EXERCISE:
Transcribe exactly the lines from the top of the records below through the line that holds "Of je nu een", both included, with no pictures.

[Stored records]

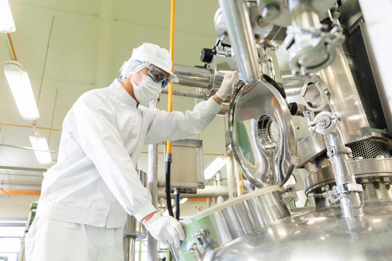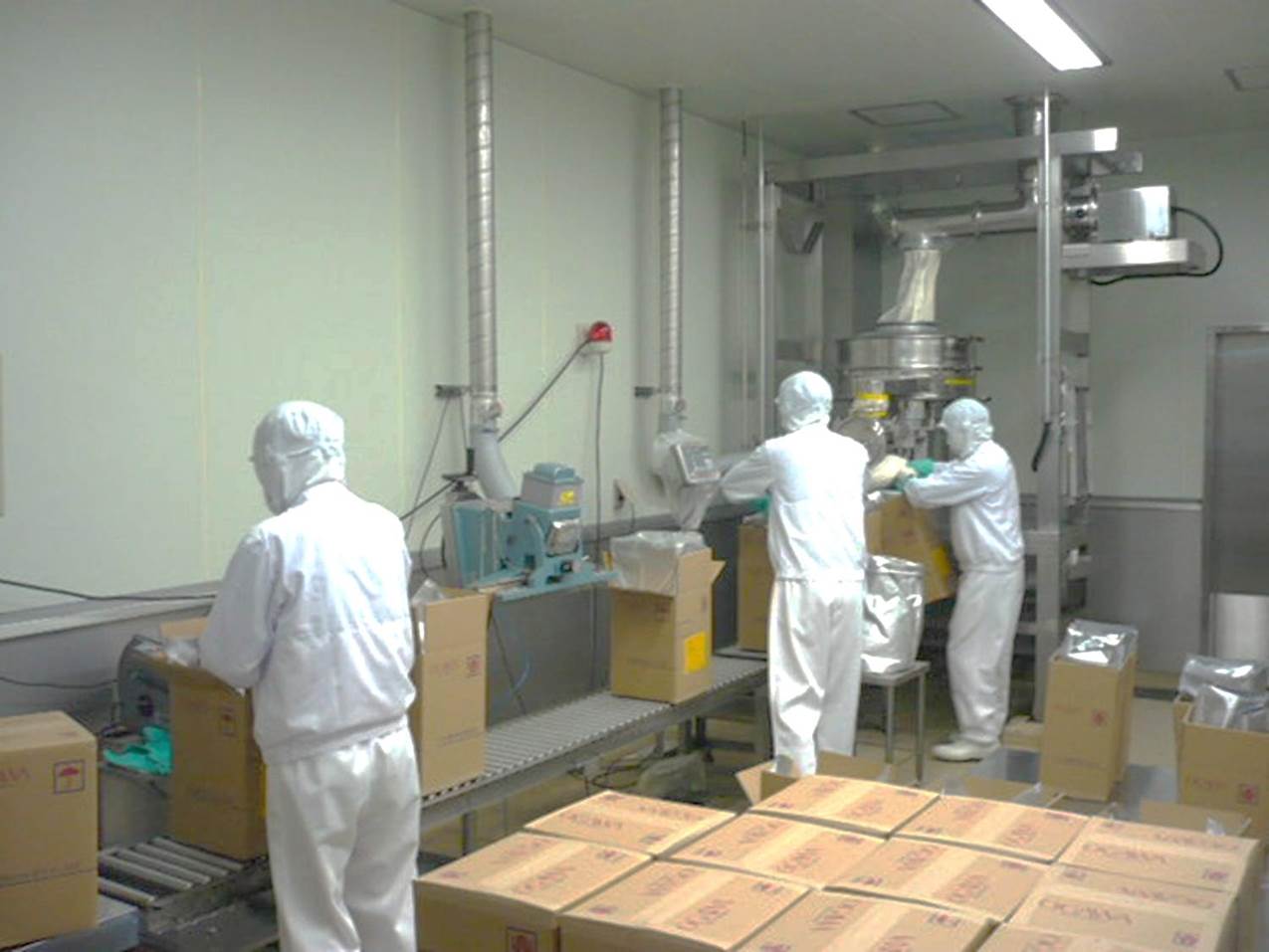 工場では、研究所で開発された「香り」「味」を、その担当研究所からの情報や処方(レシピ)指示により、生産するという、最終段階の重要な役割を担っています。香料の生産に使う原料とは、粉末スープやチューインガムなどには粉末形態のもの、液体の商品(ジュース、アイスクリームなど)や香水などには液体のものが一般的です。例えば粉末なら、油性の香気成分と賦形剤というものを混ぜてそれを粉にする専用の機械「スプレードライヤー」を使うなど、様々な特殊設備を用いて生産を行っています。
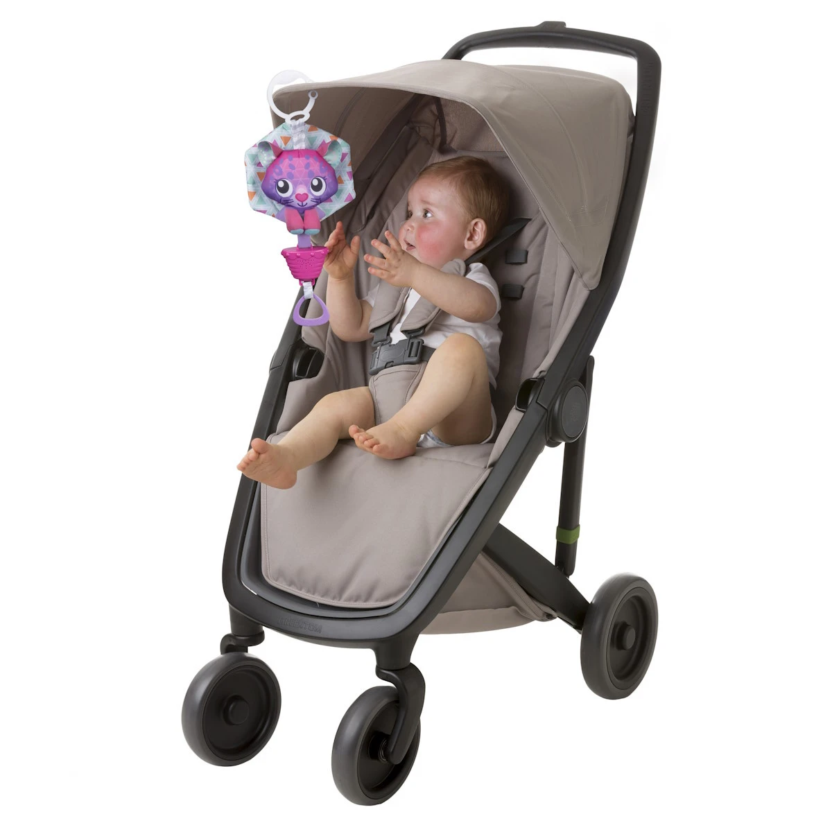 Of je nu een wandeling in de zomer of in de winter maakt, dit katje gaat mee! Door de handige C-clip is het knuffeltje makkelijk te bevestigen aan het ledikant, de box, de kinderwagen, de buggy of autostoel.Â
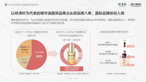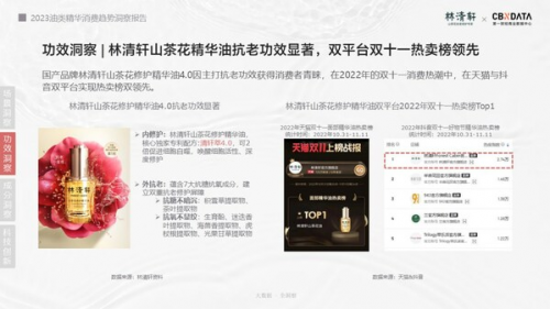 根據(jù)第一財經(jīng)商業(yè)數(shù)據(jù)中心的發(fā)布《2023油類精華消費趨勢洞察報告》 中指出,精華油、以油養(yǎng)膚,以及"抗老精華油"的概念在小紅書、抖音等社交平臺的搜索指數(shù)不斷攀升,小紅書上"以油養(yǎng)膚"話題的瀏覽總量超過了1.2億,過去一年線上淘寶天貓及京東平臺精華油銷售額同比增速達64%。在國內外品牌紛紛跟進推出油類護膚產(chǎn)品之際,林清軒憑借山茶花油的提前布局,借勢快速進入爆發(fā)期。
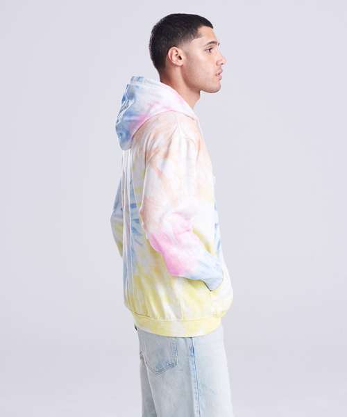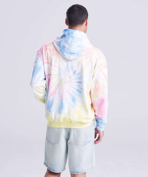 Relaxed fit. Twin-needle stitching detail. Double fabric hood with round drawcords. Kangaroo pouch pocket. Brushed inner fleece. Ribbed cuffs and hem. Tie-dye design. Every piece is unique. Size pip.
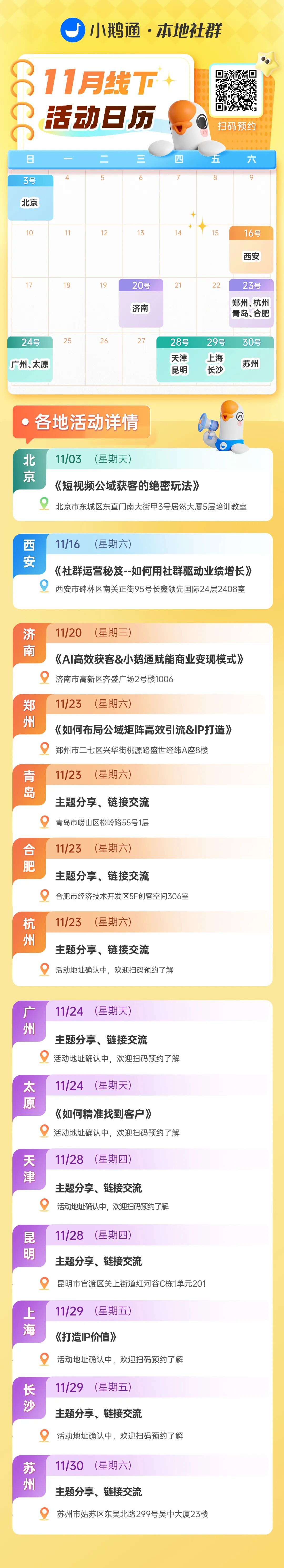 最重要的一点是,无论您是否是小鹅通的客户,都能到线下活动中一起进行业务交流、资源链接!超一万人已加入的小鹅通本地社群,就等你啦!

FINISHED EXERCISE:
 工場では、研究所で開発された「香り」「味」を、その担当研究所からの情報や処方(レシピ)指示により、生産するという、最終段階の重要な役割を担っています。香料の生産に使う原料とは、粉末スープやチューインガムなどには粉末形態のもの、液体の商品(ジュース、アイスクリームなど)や香水などには液体のものが一般的です。例えば粉末なら、油性の香気成分と賦形剤というものを混ぜてそれを粉にする専用の機械「スプレードライヤー」を使うなど、様々な特殊設備を用いて生産を行っています。
 Of je nu een wandeling in de zomer of in de winter maakt, dit katje gaat mee! Door de handige C-clip is het knuffeltje makkelijk te bevestigen aan het ledikant, de box, de kinderwagen, de buggy of autostoel.Â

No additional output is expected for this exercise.